Rewilding has gone, as natural planting has a much more domestic, residential feel, he says.

“Rewilding has created a challenge for most smaller gardens, but this year we’re being shown that we can have a more relaxed, natural feeling but still have a functional space.”

“A lot of the designers have been quite brave with how loose they’ve gone with the planting,” agrees award-winning garden designer Matt Keightley.

“It’s brave to loosen it up, whether it’s gravel or soil you are seeing, immediately those spaces feel more relaxed and accessible in as much as you can picture those combinations at home.”

British native plants including hazel, hornbeam and hawthorn will continue to form the backbone of many gardens because they adapt so well to climate change, says Duff.

Sustainable hard landscaping

“There’s a strong trend towards sustainable landscaping materials such as cement-free walls and low-carbon cement made from seashells,” Barter observes.

Delphiniums

They are the King’s favourite plant, so there are plenty of them in The RHS and The King’s Foundation Curious Garden and gardeners may well be following suit in the coming months.

AI possibilities

Last year, visitors saw Tom Massey and Je Ahn create the Avanade ‘Intelligent’ Garden, featuring sensors in the soil which look at the pH, moisture and nutrient levels, giving insights on how to address any problems, as well as air-quality and weather forecast monitors.

This year, Spacelift, an AI-powered garden design platform created with landscape designer and double silver-gilt medallist Keightley, primarily for do-it-yourself designers, has made its debut, with a variety of design styles enabling people to ‘shop the look’ and see realistic AI visions of how their new garden will look.
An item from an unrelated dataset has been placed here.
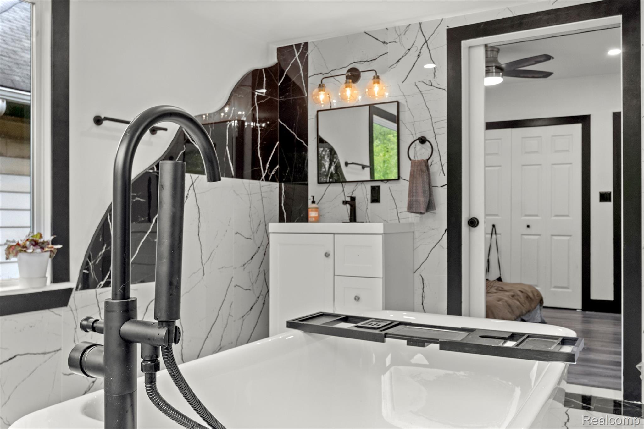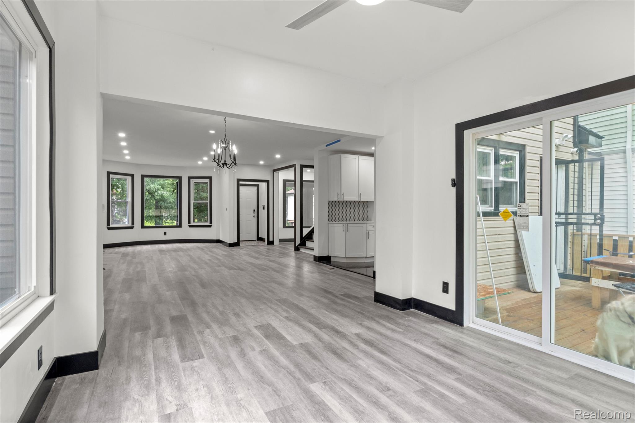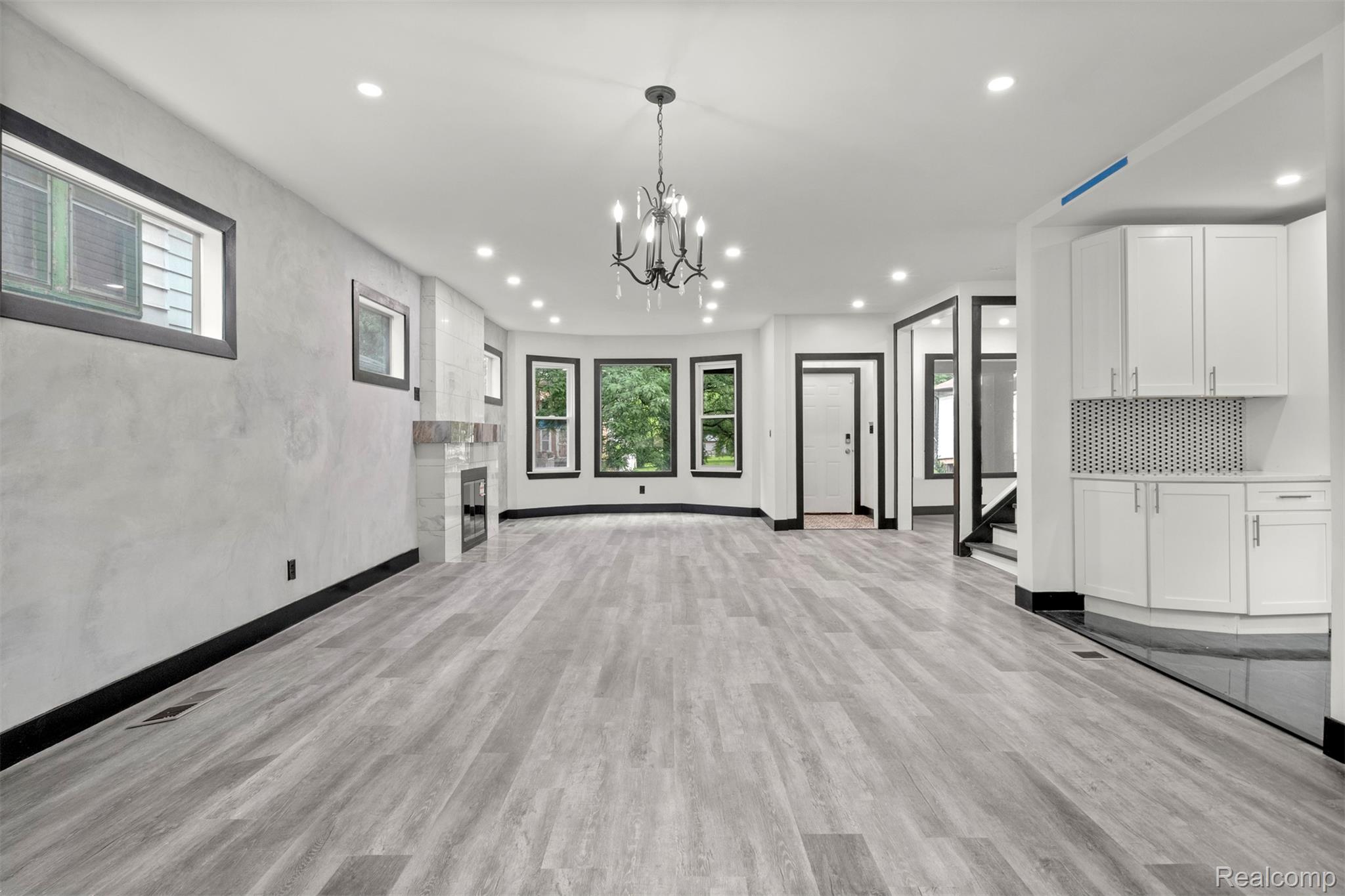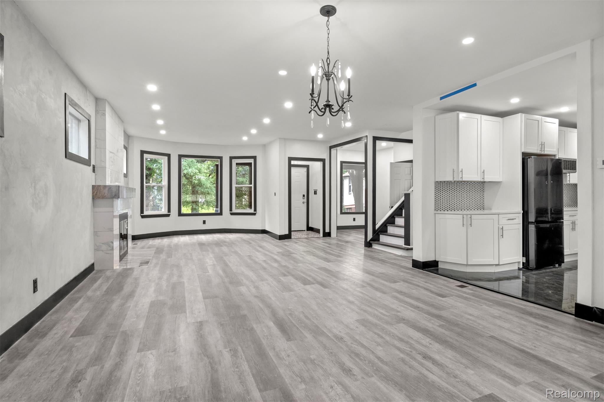 Originally constructed in 1909, this home underwent a full renovation in 2023, blending historic charm with modern upgrades. It features two spacious primary suites and three additional generously sized bedrooms, all offering ample closet space. There are three full bathrooms and a convenient half bath. The property boasts updated electrical and plumbing systems, along with new vinyl flooring throughout. Comfort is ensured year-round with two central air conditioning units and central heating. A welcoming covered front porch and keyless entry lead into a bright and open first floor, filled with natural light. The living room showcases a tiled, wood-burning fireplace, accented by a polished Venetian plaster feature wall. A half bath is also located on this level. At the back of the home, a large sunroom opens onto a sizable deck through sliding glass doors, perfect for entertaining. The modern kitchen is outfitted with soft-close cabinetry, quartz countertops, a garbage disposal, and brand-new Samsung stainless steel appliances—including a dishwasher. Upstairs on the second floor, you’ll find four well-proportioned bedrooms and two full bathrooms. One of the primary suites includes a luxurious en-suite bathroom with a soaking tub, generous closet space, and a ceiling fan. The remaining bedrooms share a spacious full bath with a washer and dryer included. The third floor houses a second primary suite complete with a private bath, expansive closets, and pull-down attic access for additional storage. The basement offers built-in shelving for extra storage needs. Outside, a two-car garage with alley access features a remote-controlled gate, and there's additional off-street parking behind the garage. The entire backyard is fully fenced, offering both privacy and security. This move-in-ready home combines classic character with thoughtful, modern finishes—perfect for comfortable everyday living. BATVAI

It will even position furniture, help with the types of plants needed and the layering they require.

Gnomes?

The RHS may have called off its ban on gnomes at Chelsea for the time being, thanks to The RHS and The King’s Foundation Curious Garden wanting to include them with the help of a few celebrities, but Barter is doubtful they will catch on.

“They’re a bit kitsch, but they have a loyal following and people can express themselves through gnomes. People who fancy gnomes can feel enabled, because if others poking in their garden say, ‘That’s a bit naff’, they can respond, ‘Well, they’re at Chelsea’.”